Por exemplo, uma lei que proíbe o porte de armas desarma o cidadão pacífico, ao passo que os criminosos mantém suas armas, ou seja, qual a real utilidade de desarmar inocentes? Além de ferir a liberdade individual, submeteriam os inocentes a fiscalizações que às quais só deveriam ser submetidos os infratores.
XXXIX. DO ESPÍRITO DE FAMÍLIA
O espírito de família é outra fonte geral de injustiças na legislação. Segundo Beccaria: “O espírito de família é um espirito de minúcia limitado pelos mais insignificantes pormenores; ao passo que o espírito público, ligado aos princípios gerais, vê os fatos com visão segura, coordena-os nos lugares respectivos e sabe tirar deles conseqüências úteis ao bem da maioria”. 
Desse modo ele coloca o espírito de família como algo divergente do espírito público, deturpando as idéia de que numa república os homens são cidadãos com igualdade de Direitos, tendo em vista que nesse sistema os homens convivem pautados num contrato social, enquanto na família as relações são pautadas pela autoridade dos pais, um sentimento sagrado e inviolável da natureza, caracterizando uma relação desigual.
Conclui-se que a moral familiar inspira uma submissão e um temor, o que diverge dos princípios de liberdade que deve dominar a relação entre cidadãos em uma república.
XL. DO ESPÍRITO DO FISCO
O espírito do fisco, ou seja, sua forma de atuar, deve ter como eixo o interesse público e não ser, simplesmente, um meio do Estado lucrar em cima de seus cidadãos, e o Juiz tem papel fundamental nisso, tendo em vista que, através do processamento e do julgamento das ações fiscais, ele tem o poder de usar os meios e os argumentos favoráveis para impor o bem público sobre o abuso do poder estatal.
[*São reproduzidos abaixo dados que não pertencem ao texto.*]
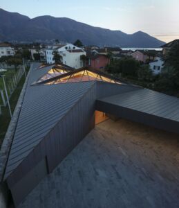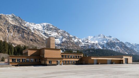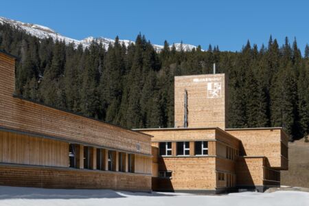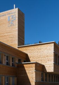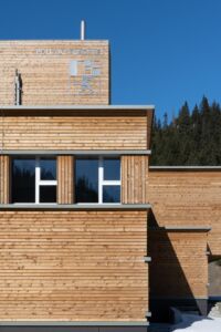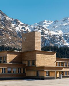 Il lungo ampliamento verso sud dell’edificio viene sapientemente concluso con una copertura più elevata, rivelando la capacità dei progettisti di controllare in modo preciso e colto una composizione così complessa. L’esito finale dell’intervento è anche quello di avere liberato l’edificio preesistente dal carattere un po’ triste e “poliziesco” che lo caratterizzava, radicandolo nello splendido paesaggio tra le cime innevate.
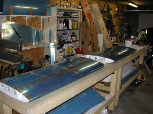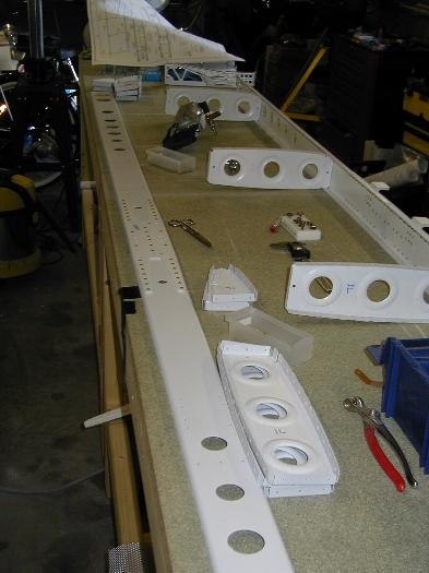 Rivetage demi plan fixe gauche (suite) Rivetage des nervures HS-904 sur le longeron avant. Insertion de la cale HS-909 pour la nervure intérieure Rivetage du longeron avant avec la voilure Rivetage des nervures avec la voilure
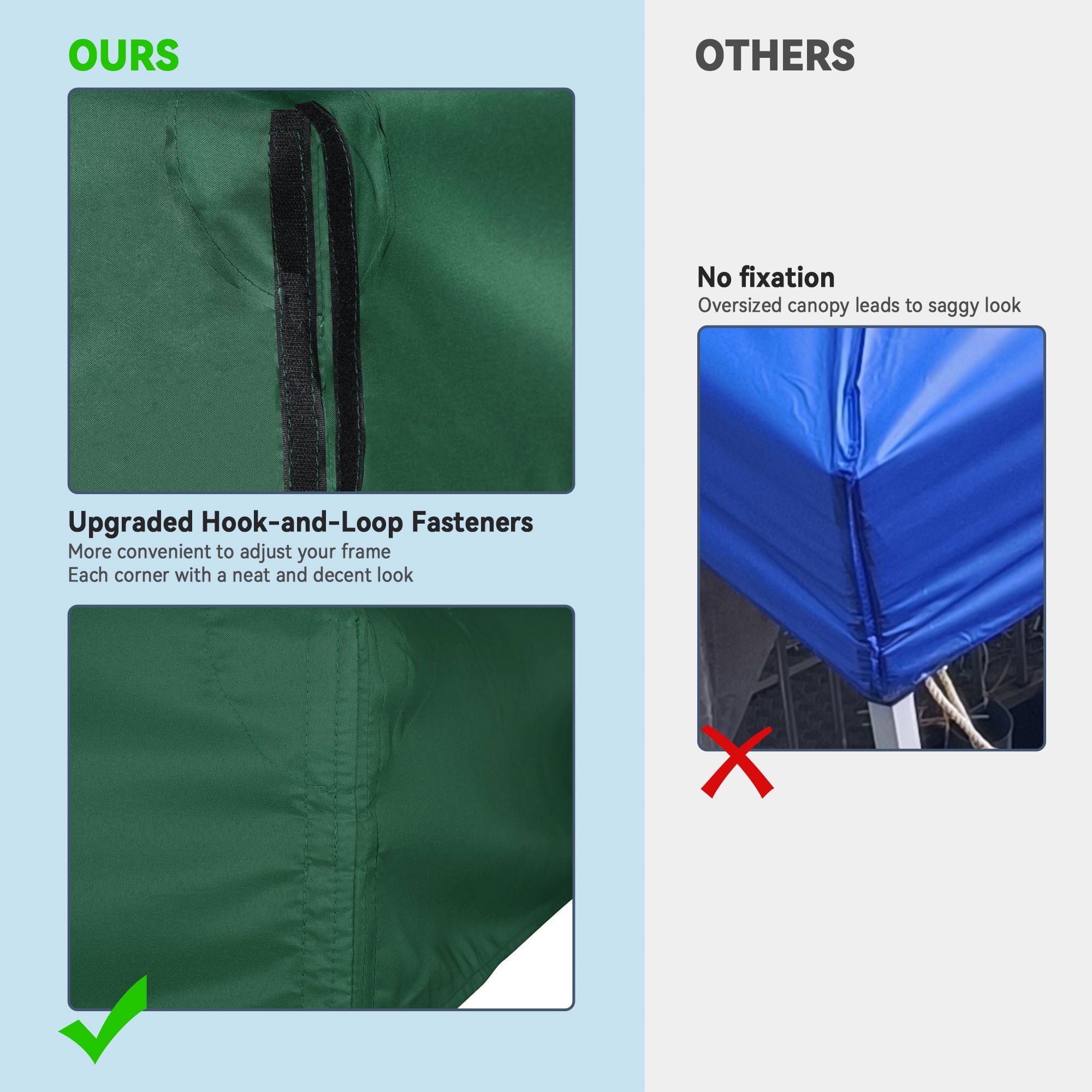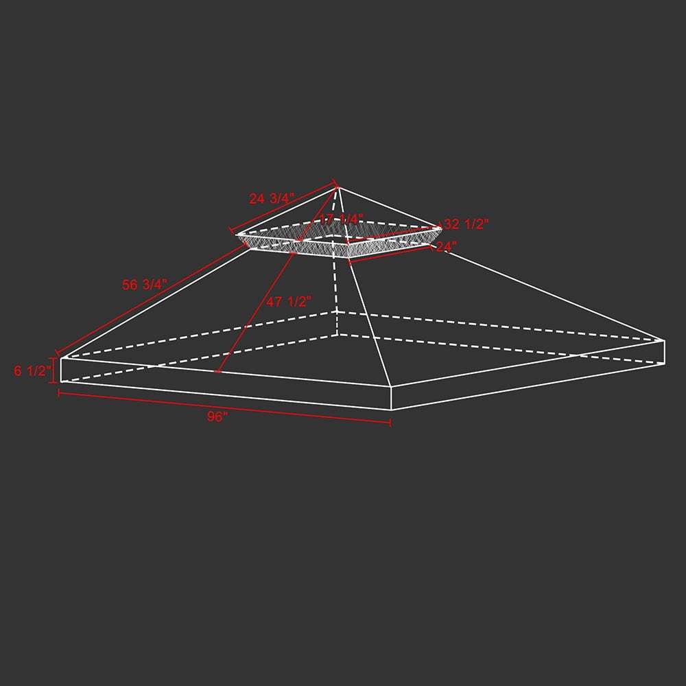 Universal 2-Tier Replacement Canopy Top for 8×8 ft dual-tier gazebo frames, gives you a perfect outdoor shade to enjoy leisure time UV30+ Protection – Made of 200gsm polyester with PA coating & UV30+ protection to block out harmful sunray Zippered Ventilated Top – Comes with mesh netting between 2 tiers & 4 grommets on each side for ventilation Simple Installation – Hook & loop straps for easily fixing canopy to frame Measuring Tips – Measure the upper tier hemline, bottom tier hemline & hypotenuse

O juiz deve adotar uma postura imparcial para não se confundir com um “advogado do fisco”. A imparcialidade evita uma tendência em favorecer o fisco unicamente por questões financeiras. 
O verdadeiro processo das informações e a investigação imparcial do fato deve ser prescrita pela razão, seguida no ordenamento jurídico, zelando pela moral e pelo bem público. 
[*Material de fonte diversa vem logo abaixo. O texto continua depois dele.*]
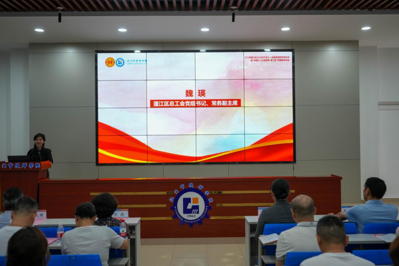 蓬江区总工会党组书记、常务副主席魏瑛在讲话中强调,产业工人是“制造业当家”的重要力量。她勉励全体学员珍惜学习机遇,以饱满热情投入培训,把所学技能运用到实际岗位中,努力成长为新时期产业工人的“新工匠”。
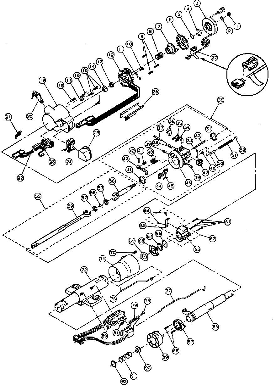 SHAFT ASSEMBLY, COLUMN HOUSING SUPPORT, SHIFT TUBE ASSEMBLY, IGNITION SWITCH, DIMMER SWITCH & LOWER BEARING ASSEMBLY
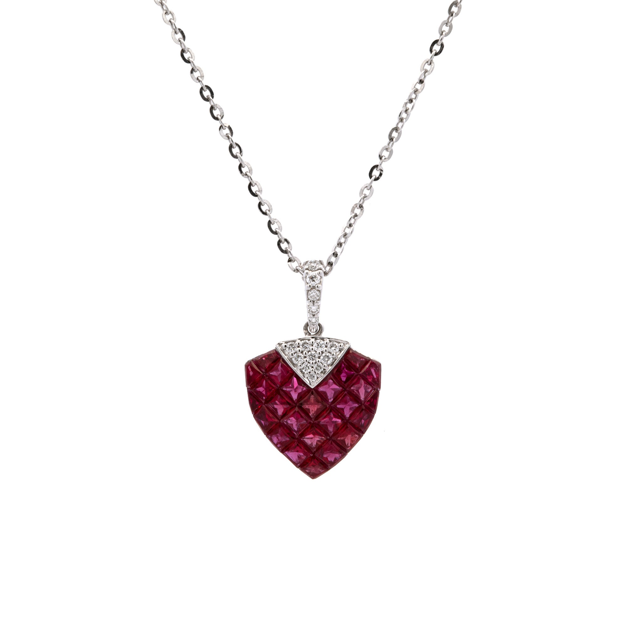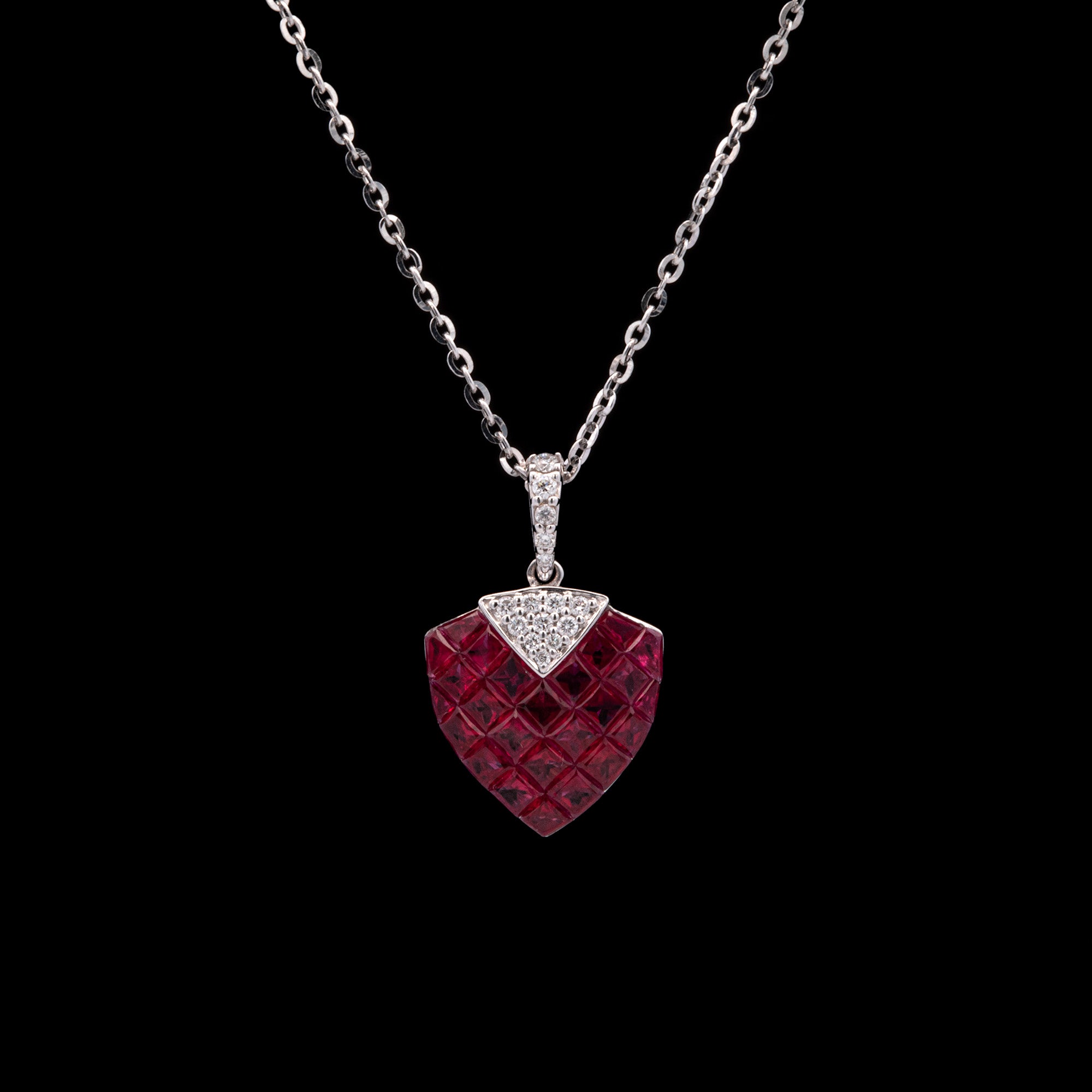 18K White Gold Invisible Set Ruby And Diamond Pendant With 18 Inch Chain

XLI. DOS MEIOS DE PREVENIR CRIMES
Sem dúvida, “É melhor prevenir os crimes do que ter de puni-los; e todo legislador sábio deve procurar antes impedir o mal do que repará-lo, pois uma boa legislação não é senão a arte de proporcionar aos homens o maior bem-estar possível e preservá-los de todos os sofrimentos que se lhes possam causar, segundo o cálculo dos bens e dos males desta vida”, diz Beccaria. 
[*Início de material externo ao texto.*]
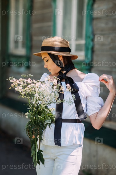 Девушка в шляпе и белой блузке ходит на фоне старых ву
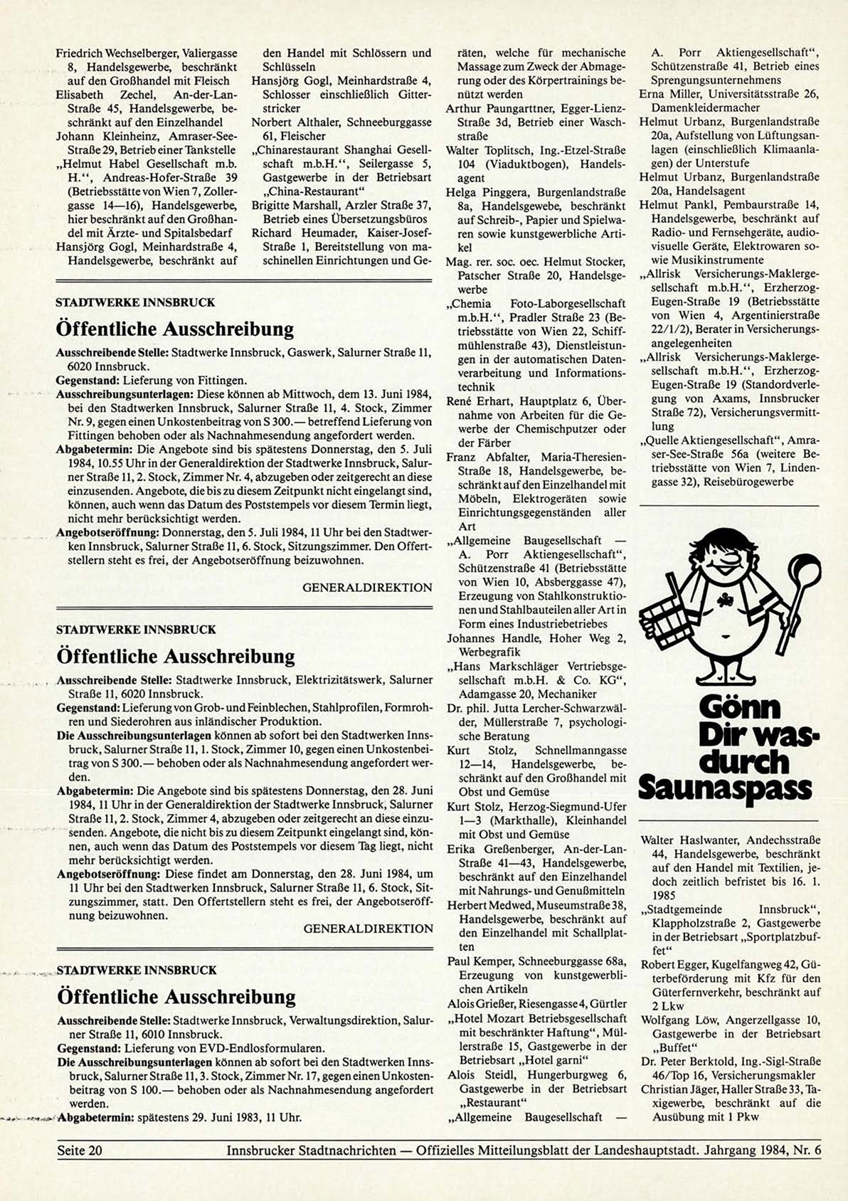 Angebotseröffnung: Donnerstag, den 5. Juli 1984,11 U h r bei den Stadtwerken Innsbruck, Salurner Straße 11,6. Stock, Sitzungszimmer. Den Offertstellern steht es frei, der A n g e b o t s e r ö f f n u n g beizuwohnen.
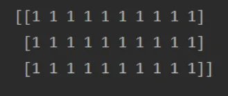 array_one = np.ones([3, 10], dtype=np.int) print(array_one)
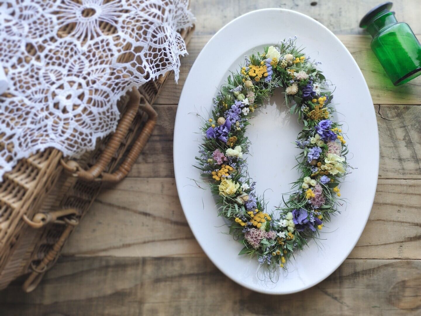 ドライフラワーのオーバルリース 春待ちリース 【26202】
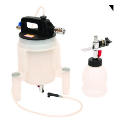 Vacuum-operated system powered by compressed air for effortless brake fluid extraction and re-filling. Automatic re-filling design ensures seamless fluid replenishment during brake maintenance. Built-in safety mechanism: the air inlet is automatically shut off when the fluid reaches its maximum level, preventing overflows. One-person operation for fast, clean, and simple brake fluid management. Max air consumption: 5.0 CFM for efficient operation. Specifications:
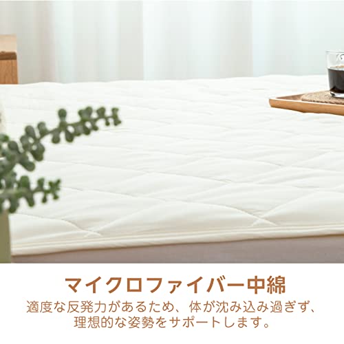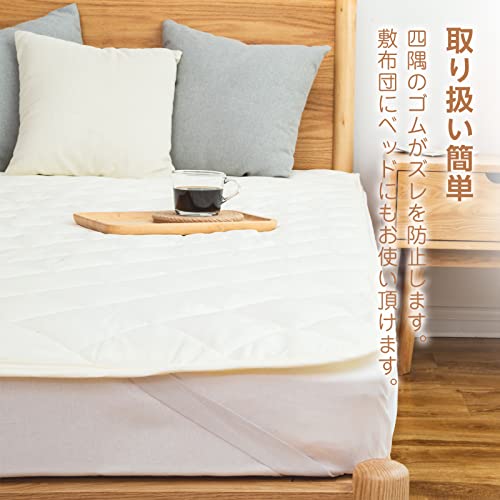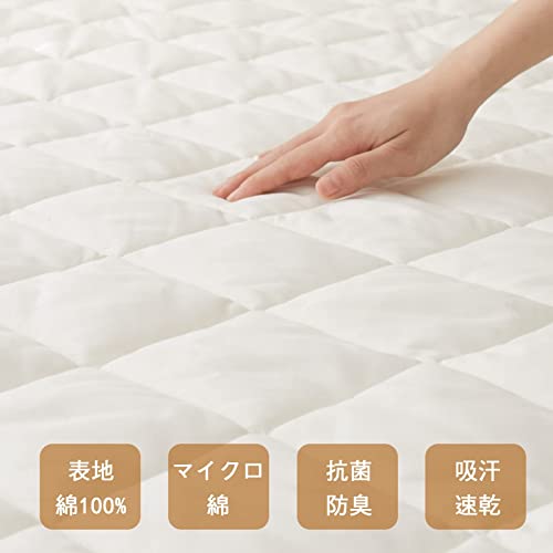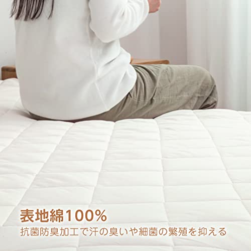 Mensu 敷きパッド ベッドパッド ダブル 綿100% 肌触りよい オールシーズン快適 抗菌防臭 吸汗 速乾 中綿入り 丸
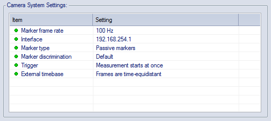 Under the Camera system settings heading the measurement settings are displayed. The settings can be changed by right-clicking on the entry and then click Change or Reset to default value. The Project options dialog can also be reached by clicking Options.
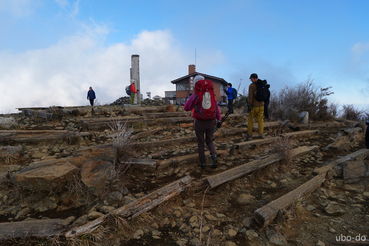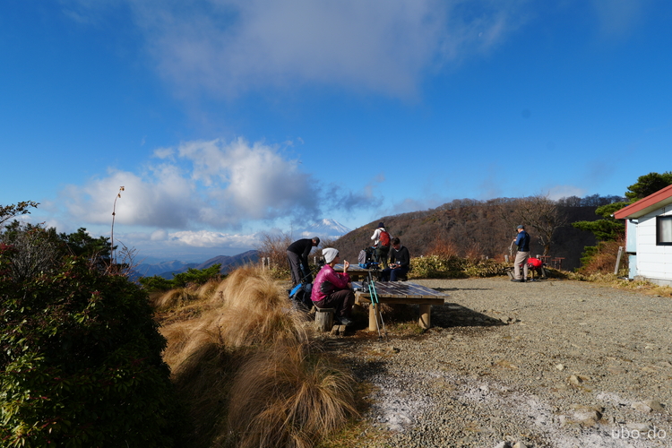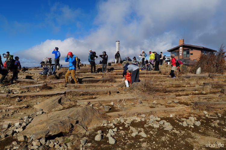 しばらく休んでいると、団体ハイカーの到着で山頂がにぎやかになってきた。

Ao fazer as leis contra os crimes é preciso ter clara a noção de nocividade da conduta tipificada, pois se nada ela tiver de nociva acabará ensejando uma confusão entre a dicotomia vício-virtude, fazendo com que novos crimes surjam.
Para prevenir os crimes é necessário fazer leis simples e claras e que a toda nação esteja disposta a defendê-las e cumpri-las sem que minorias se preocupem constantemente em destruí-las. Além disso, que a nação marche em rumo à liberdade, iluminada pela ciência e pela razão. 
O próprio Beccaria conclui: “o assunto é vasto demais para entrar nos limites que me prescrevi. Ouso, porém, dizer que está tão estreitamente ligado com a natureza do governo que será apenas um campo estéril e cultivado somente por um pequeno número de sábios, até chegarem os séculos ainda distantes em que as leis não terão outro fim senão a felicidade pública.”
XLII. CONCLUSÃO
No fim de sua obra, Beccaria confirma que a pena deve ir ao encontro do interesse público, sendo razoável e necessária ao delito, sendo definida pela lei, sendo de importância fundamental a atuação virtuosa do legislador, para que não ocorra violência contra o cidadão.